Let's also not forget Projects Monarch and Bluebird, at least as important as Artichoke.

There is lots of good info available on the internet but not Wiki as CIA deletes all good info/intel on mc and gov't programs abuse.
Incidentally, the CIA has “told” me that they used Project Monarch to control dictators (e.g. Muammar Gaddafi, Saddam Hussein, etc.), hence the name Project Monarch. Actually, in the case of those two people, the CIA “tells” me that British intelligence controlled them. The CIA tried to create and control other dictators. At least that’s what they “told” me.

A coherent and complete telling of Project Artichoke

In the comments section of the article on Project Artichoke, Jennifer Van Bergen wrote the following:
What is needed is a coherent and complete telling of the story of Project Artichoke, perhaps through the eyes of one person (whether a perpetrator or victim), which may be impossible.
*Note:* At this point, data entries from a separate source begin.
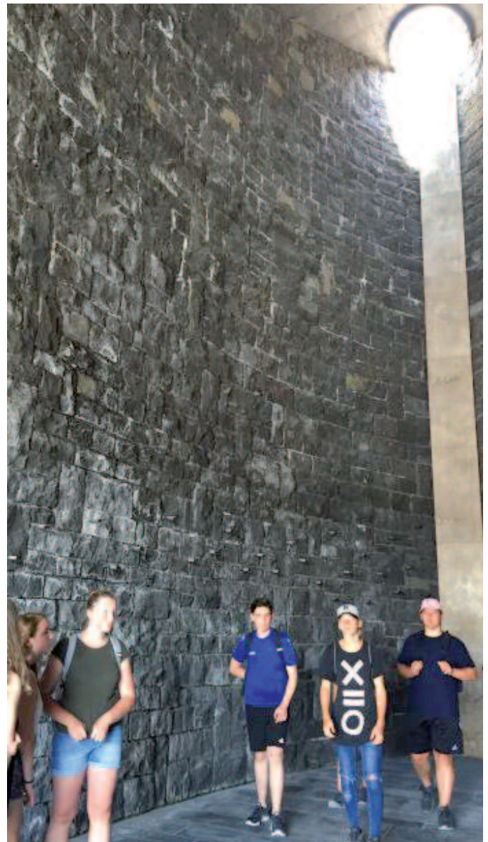
In der jüdischen Gedenkstätte des KZ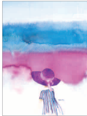
海を見つめる少女 1973年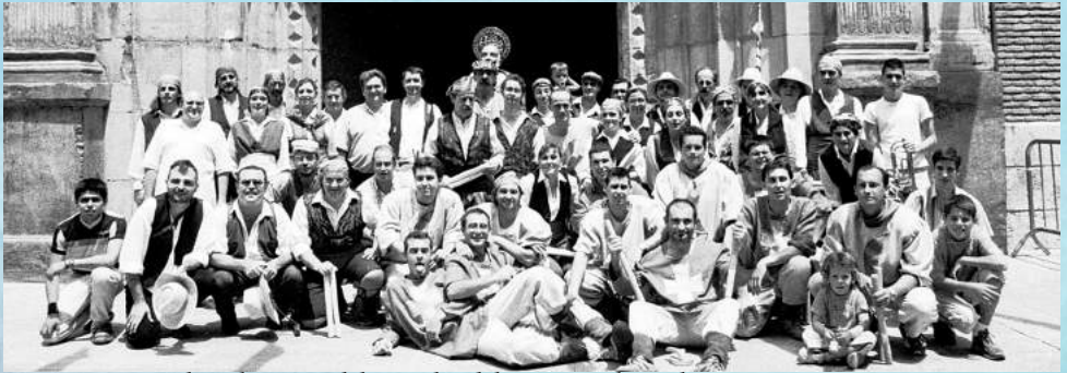
Exposición sobre el Danze del Gancho del 22junio al 30julio en AVV Lanuza Casco Viejo

Si algo diferencia el Danze del barrio del Gancho de Zaragoza de cualquier otro es el propio origen del baile y de la agrupación. En primer lugar, no se trata de un dance tradicional, sino de un 'neodance', de mudanzas creadas ex novo a partir de música tradicional e inspirado en la raíces del folclore ancestral. Pero además, la agrupación surgió a partir de las propias realidades y de las necesidades de las que adolecía el entonces castigado barrio del Casco Histórico.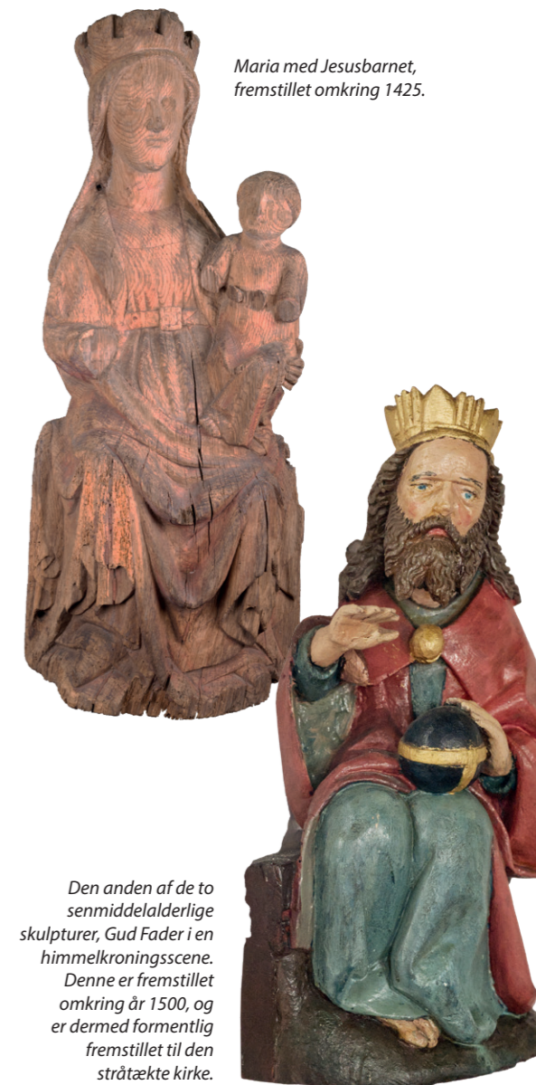
Maria med Jesusbarnet, fremstillet omkring 1425.

Den stråtækte kirke fra omkring 1500 har haft to forskellige altertavler. De figurer, der nu står i Oksby Kirkes altertavle, har formentlig haft omtrent samme plads i den stråtækte kirkes ældste altertavle. Dens opbygning med et centralt felt og to sidefløje var den samme, som den nuværende. I museets samling findes stykker af en stavværksbaldakin af træ, der har indgået i sidefløjene, hængende ned fra fløjenes overkant. Fra den ene fløj er hele baldakinen bevaret. Den er oprindeligt fremstillet i to stykker. Stykkerne er udformet med i alt 16, fint udskårne

The problem with telling the story through documentation is that (as scholars) you need to stay very close to the documents, to the very words written, leaving the conclusions either unspoken or merely suggested. Some people can't follow.

And how can the real human horror be known? What is it like to be given a heroin or sedative suppository and then be subjected to painful procedures while the pain-killer wears off?

What is it like to have your mind broken and to know that even if you could describe it, nobody will believe you?

Where are the people who were subjected to these "sessions"?
I’m right here.

Cries From the Past: Torture's Ugly Echoes

Truthout posted an article about the mind control programs run by the CIA. The article was written by Hank Albarelli and Jeffrey Kaye. According to the authors, many people believe that MKULTRA was the most important mind control program run by the CIA. However, according to them, in reality the most important mind control program was Project Artichoke. In fact, MKULTRA was just a diversion the CIA used to get the media’s attention away from Project Artichoke.

Remember, back in 1975, the government was investigating the CIA through the Church Committee and several other organizations, one of which was the Rockefeller Commission. That commission completed its work on June 6. Its final report contained information about MKULTRA. But according to the authors, the report should have contained information about Project Artichoke. However, in a meeting held in June, the CIA convinced the White House suppress information related to that operation.

In that meeting, President Ford, Don Rumsfeld, and Dick Cheney met with Lawrence Houston, the general counsel of the CIA. At that time, Don Rumsfeld was the White House chief of staff and Dick Cheney was his chief assistant. In the meetings, Houston told the White House that the CIA could be abolished if the public were to learn about Project Artichoke. However, with the recent revelations in the media, Houston apparently felt the government had to give the media something, and so he recommended to the White House that the government release information on MKULTRA. This effort to divert attention away from Project Artichoke using MKULTRA became known as Operation Dormouse.

According to the authors, Project Artichoke had its origins in another CIA operation, Project Bluebird, which was a program the CIA used to handle POWs returning from the Korean War.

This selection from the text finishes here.